14. In May 2012, the Supreme Court reversed the Court of Appeal’s judgment on various limitation issues and concluded that for claims issued before 8 September 2003 (which therefore included Six Continents’ claims) a claimant could rely upon the extended limitation period in section 32(1)(c) of the Limitation Act 1980. The impact of this reversal in the present case is in fact relatively limited, because only the first of the Dividends (in 1993) was paid more than six years before the issue of the claim form, and the amount claimed in relation to that dividend is only £177,366.37 (together with interest).
15. More importantly for present purposes, on 13 November 2012 the ECJ handed down its judgment on the second reference in FII (ECJ) II. In broad outline, it held that the Case V charge infringed EU law and was therefore unlawful, but that the UK system for taxing foreign dividends might have been lawful if it had provided (at least) for a credit at the relevant foreign nominal rate (“FNR”) of tax.
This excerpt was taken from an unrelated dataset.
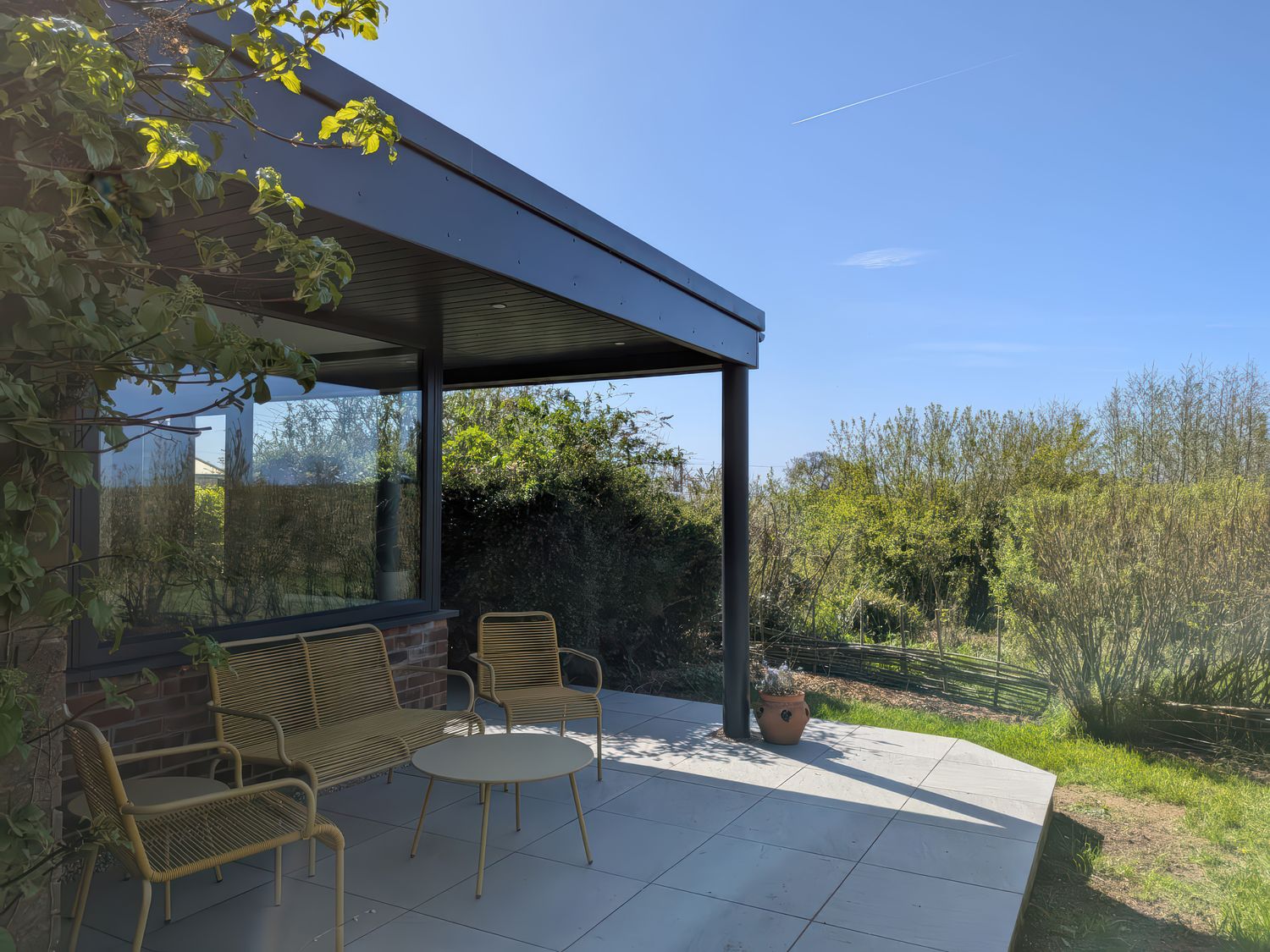 Outside, a private garden and covered veranda create a sheltered spot for fresh air at any time of day, from morning coffee to watching the light shift across the valley in the evening.

I have subsequently done my best to interpret and apply the ruling of the ECJ, both in relation to portfolio dividends (in Portfolio Dividends (No 2), The Prudential Assurance Co v HMRC, [2013] EWHC 3249 (Ch), [2014] STC 1236), and in relation to dividends received from subsidiaries (in FII (High Court) II).
16. In the light of the judgments of the Supreme Court and of the ECJ on the second reference, on 13 May 2013 Six Continents issued an application for an interim payment in the amount of £12,870,000. In effect, this application sought to reinstate the original 2009 interim payment ordered by Sir Andrew Park, upon the same terms as it had been granted. The application pre-dated the entry into force (with effect from 26 June 2013) of the restriction now contained in section 234 of the Finance Act 2013 on interim remedies against HMRC relating to a tax matter.
17. HMRC responded to the application in letters of 1 August and 25 September 2013, setting out a number of objections and a number of points upon which they required further information and evidence. These requests were answered on 28 October 2013. Six Continents then formed the view that HMRC had no reasonable grounds upon which to resist the application, and on 13 September 2013 the application notice was amended so as to apply, in the alternative, for summary judgment. This has now become its primary application.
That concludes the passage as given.